Ettore Scola, oltre ad averci donato un’eredità artistica incommensurabile ormai storicizzata, ha lasciato incompiute alcune iniziative che recano la sua indelebile impronta, che si stanno concretizzando proprio in questi giorni, tra cui il Bif&st che si svolge a Bari e l’adattamento teatrale di Una giornata particolare curato dalla moglie Gigliola Fantoni.
Acuto osservatore della politica, del sociale e delle dinamiche domestiche, il maestro Scola e Ruggero Maccari hanno realizzato nel 1977 un film-capolavoro che ha mietuto riconoscimenti nazionali e internazionali, consentendo alla Loren e a Mastroianni di fornire una magistrale prova interpretativa.

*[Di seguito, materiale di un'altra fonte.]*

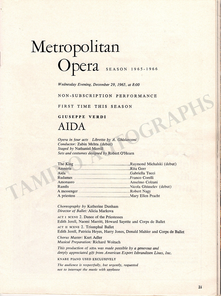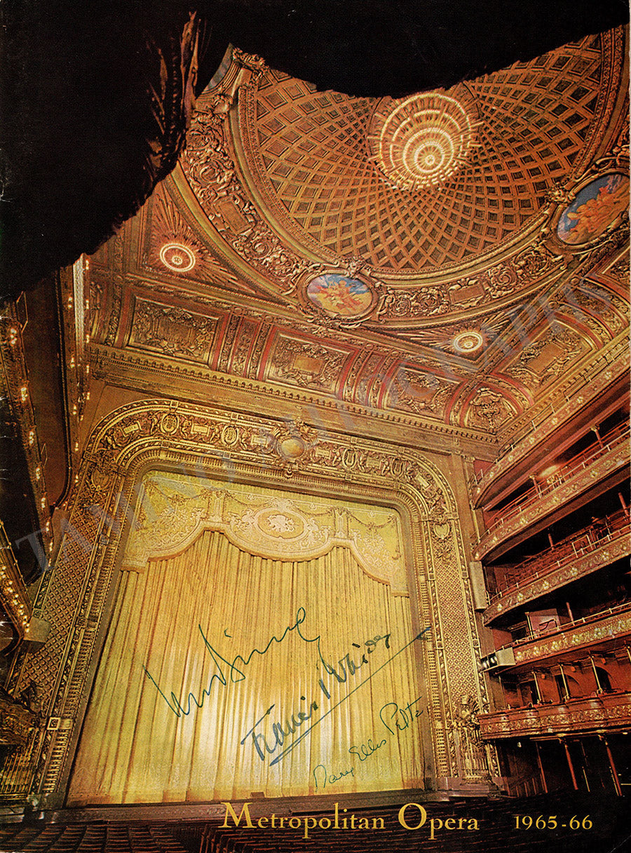 Program for a performance of Verdi's Aida at the Metropolitan Opera House, New York, on December 29, 1965, signed by him on the cover. Also signed by Mary Ellen Pracht and an unidentified other. Size is 8.1 x 10.8 inches, full program with all pages and covers, in excellent condition.

La regista Nora Venturini spiega che la decisione di mettere in scena questo lavoro, con timore e rispetto, è scaturita dal taglio teatrale della sceneggiatura impostata in un ambiente chiuso, con unità di tempo e luogo e due personaggi a confronto che esprimono tematiche personali e universali, nella cornice della Storia.
La vicenda è nota. Il 6 maggio 1938 Roma è in festa per la visita di Adolf Hitler a Mussolini. Alla parata su Via dell’Impero partecipa tutta la cittadinanza, dai piccoli Balilla ai gerarchi. I condomini si svuotano, la periferia dei grandi caseggiati assume sembianze spettrali.
Antonietta, dopo aver aiutato il marito e i figli a prepararsi, rimane a sbrigare le faccende domestiche, incarnando il suo ruolo di “donna del regime” sottomessa al marito, dedita alla famiglia, instancabile fattrice di figli per la Patria, rispettosa fascista. Il merlo che fugge dalla gabbia e si ferma su una finestra del cortile le dà modo di conoscere il vicino, anch’egli rimasto inspiegabilmente a casa. È una finestra che si apre su un mondo fino a quel momento sconosciuto, caratterizzato da gentilezza, cultura, sensibilità, diversa concezione della vita. La donna rimane affascinata, è attratta e spaventata. Gabriele, che stava meditando un gesto estremo, le apre il suo animo confessando la propria omosessualità a causa della quale ha perso il lavoro di annunciatore alla radio e sta per essere inviato al confino.
Due solitudini si incontrano, si amalgamano e si staccano arricchite da un’osmosi di sentimenti liberi da giudizi e pregiudizi.
Quando i familiari rientrano e i poliziotti arrivano, le loro vite intravedono una catarsi.
La rappresentazione viene introdotta dalle immagini dell’Istituto Luce dell’arrivo di Hitler accolto dal Re e dal Duce e quelle dell’immensa folla che gremiva Piazza Venezia e la Via dell’Impero dove si svolse la parata.
La scenografia di Luigi Ferrigno divide lo spazio orizzontalmente, con l’appartamento di Gabriele al piano superiore che si illumina quando bussa la donna per riagguantare il merlo, e successivamente si trasforma nella terrazza dove, tra i panni stesi, avviene il confronto-confessione sotto un cielo azzurro che ha spazzato via le nuvole meteorologiche e metaforiche, grazie al bel gioco di luci di Raffaele Perin. Nel finale, a sottolineare il parallelismo nell’epilogo della giornata per lei e per lui, gli appartamenti sono collocati allo stesso livello sul palcoscenico, in spazi adiacenti. La regia guida la messinscena con mano leggera e filologicamente rispettosa dell’ambientazione storica originale.
Valeria Solarino ha sacrificato il suo fisico mostrandosi dimessa e accorata, spesso con la mano sulla bocca a contenere stupori e imbarazzi, superando l’ingrata prova del confronto con la mitica Loren, dalla quale ha preso le distanze ricorrendo a un marcato dialetto siciliano. Giulio Scarpati ha voluto accentuare un’identità maschile che camuffasse il suo orientamento raffigurando un Gabriele con i baffi, molto naturalisticamente gentile e brusco, sensibile e frustrato.
Romana verace e autenticamente fascista la famiglia di Antonietta (“Quanto è bello Hitler” sospira la figlia!), con Augusto Fornari nel ruolo del padre e Guglielmo Poggi, Anna Ferraioli, Elisabetta Mirra e Paolo Minnielli in quello dei figli.
Una bella occasione per rendere un ulteriore omaggio all’indimenticabile maestro del cinema italiano.